If true, they predate the first known modern battery by hundreds of years.
Why Can't They Solve It?
Well, it's not like we
keep digging up ancient camcorders over there. Some stone reliefs called the
"Dendera light" depict what some believe to be electrical arc lights,
which would require something like the Baghdad Batteries to power. Others believe
that theory is incredibly retarded.
More reasonable types say
the batteries may have been used to electroplate items with gold. Others say
medicine men could have used the batteries to shock people (giving the
impression they had mystical powers or whatever).
It doesn't help that the
batteries are currently located in the Baghdad Museum, which means potential
researchers have a sporting chance of being blown to shit on any given day.
The Bloop
The Mystery:
Tired of having its mind
blown by the guys in the archeology department, in 1997 modern science's mind
pulled itself up off the mat and triumphantly blew itself.

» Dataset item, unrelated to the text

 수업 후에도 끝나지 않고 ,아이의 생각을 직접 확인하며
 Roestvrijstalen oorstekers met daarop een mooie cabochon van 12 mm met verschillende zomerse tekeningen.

In that year, the National
Oceanic and Atmospheric Administration recorded
a
strange sound in the ocean. Strange and LOUD. So loud that it was
picked up by two separate microphones 3,000 fucking miles apart. The sound,
dubbed "The Bloop," doesn't sound like anything at normal speed.
However, the NOAA did us the favor of speeding up the recording to 16 times the
normal speed, causing it to sound like a turd dropping into the toilet. Bloop!
Except, you know, awesomely loud.
Why Can't They Solve It?
There is no animal big
enough or loud enough to make that kind of noise, not by a long shot. Not a
blue whale, not a howler monkey, not a startled teenage girl.
Not long after the NOAA
posted the sound to their web site, some HP Lovecraft fans on the internet
quite reasonably decided that The Bloop must have been made by Lovecraft's
Cthulhu, a giant, murderous squid-dragon-thing.